Scandinave Les Bains Vieux-Montreal is part of the Scandinave Spa Group and the only urban spa of the four Finish style delights. It has been given the honour of the Governor General’s Award for Architecture 2010. The spa was designed by Saucier + Perrotte Architectes. Watch their slideshow that shows the graceful light and lines of the spa and you will see why it deserves the distinction.
On Capitol Hill in Seattle, Washington there is a steep staircase going down behind the shops of an old building on Pike Street. If you ring the bell by the door at the bottom of the stairs you will be pleasantly surprised by what you find when the door is opened for you.
A tightly knit knot of small compartments make up a women’s only, clothing uncommon, public bathing facility called Hothouse Spa and Sauna. In the dimly lit rooms there is a serene atmosphere where the people are friendly, whispers are mandatory, and the simple pleasures of being hot and clean are enjoyed.
After taking off your shoes and signing in, the rather cluttered reception area gives way to sleek bathing facilities. The locker room is open onto a quiet area for resting where you can fill a glass with filtered water and lime slices between soaking and sweating. A quick shower is mandatory before moving on to the sauna, the hot tub or the luxurious lavender steam room. Massages are a good thing to book in advance, but I just happened to be lucky and got one only minutes after signing in. The rate for entry is only $12 and massages are more than reasonable as well. Though affordable, the massage was excellent and the facilities were modern and spotlessly clean. The experience I had at Hothouse rivals many which charged triple the price.

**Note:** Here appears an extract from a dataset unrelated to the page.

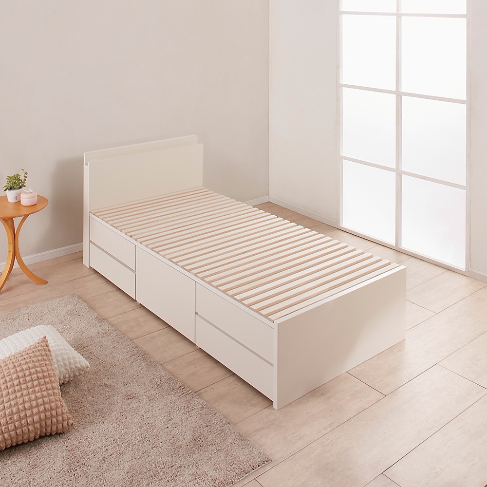 dinosがおすすめする大容量収納でお部屋が広く使えるチェストベッド。洋服をたくさんお持ちの方にクローゼットいらずな驚きの収納力。ヘッドボードはスマホや小物が立て掛けやすい薄型収納。お部屋が広く使える国産の大量収納チェストベッド。本体・ヘッドボード・サイズ・色がお好み・お部屋のテイストに合わせて選べる120タイプ!組み合わせで120タイプから選べるから、お望みのベッドが必ず見つかるディノスがおすすめするチェストベッドです。Q.チェストベッドとは?A.タンスとベッドが一体化。最大で衣装ケース25個分(大量収納引き出しすのこタイプ・ダブルサイズ)を収納できるので場所を取らずに寝室がすっきり。Q.どうしてチェストベッドがいいの?A.収納スペースが少なかったり、タンスを置く場所がないお部屋でも、空間の有効活用ができます。ディノスのチェストベッドならお部屋や用途に合ったベッドがきっと見つかりますお洋服をたくさん持っている人におすすめ!大型引出し付のベッド何と引出し奥行き84cmで衣装ケース約12個分の収納力で衣替え知らずの大容量チェストベッド奥行84cmの引き出しで大量収納が可能。奥行き84cmの引き出しで大量の衣類がしまえ、衣替えも不要に。フルスライドレールつきで奥までスムーズに出し入れができます。※引出しは手前側に70cm引き出せます。引出しの奥行内寸は84cmです。お好みで選べるヘッドボード◆立てかけ薄型棚スマホや小物が立てかけられる便利な薄型棚。コンセント付きなので充電もばっちり。◆角が丸い薄型棚角が丸く加工されており奥行9cmの省スペース設計。コンセント付きなので充電もばっちり。◆照明・収納棚付きサイドにほのかな照明と収納棚付きの機能的なヘッドボード。収納スペースにはA4サイズの雑誌が収納できます。コンセント付きなので充電もばっちり。◆ヘッドレスタイプ省スペースにベッドを設置できるヘッドレスタイプ。お部屋に合わせて選べる3色ホワイト・ダークブラウン・ブラウン木目の3色をご用意いたしました。お部屋のインテリアや雰囲気に合わせてお選びいただけます。新生活・お引越しのタイミングに合わせてベッドフレームを見直してみませんか?タンス・チェストいらずの大型収納でお部屋がすっきり整えられます!他にも収納付きベッドを多数ご用意しています!大容量チェストベッド特集はこちらから

The only complaint I have about Hothouse Spa and Sauna is the bathroom. It is in a rather awkward location between the change rooms and the shower with two doors, neither of which lock, and only one very exposed seat. Unfortunately, this is also the only area where a blow drier is available. However, it seems that a simple folding screen or “L” shaped privacy curtain would be a simple way to remedy this problem. I hope they consider it, because despite this inconvenience I will go back to Hothouse Spa and Sauna whenever I am in the area. The lavender steam room alone is worth the trip.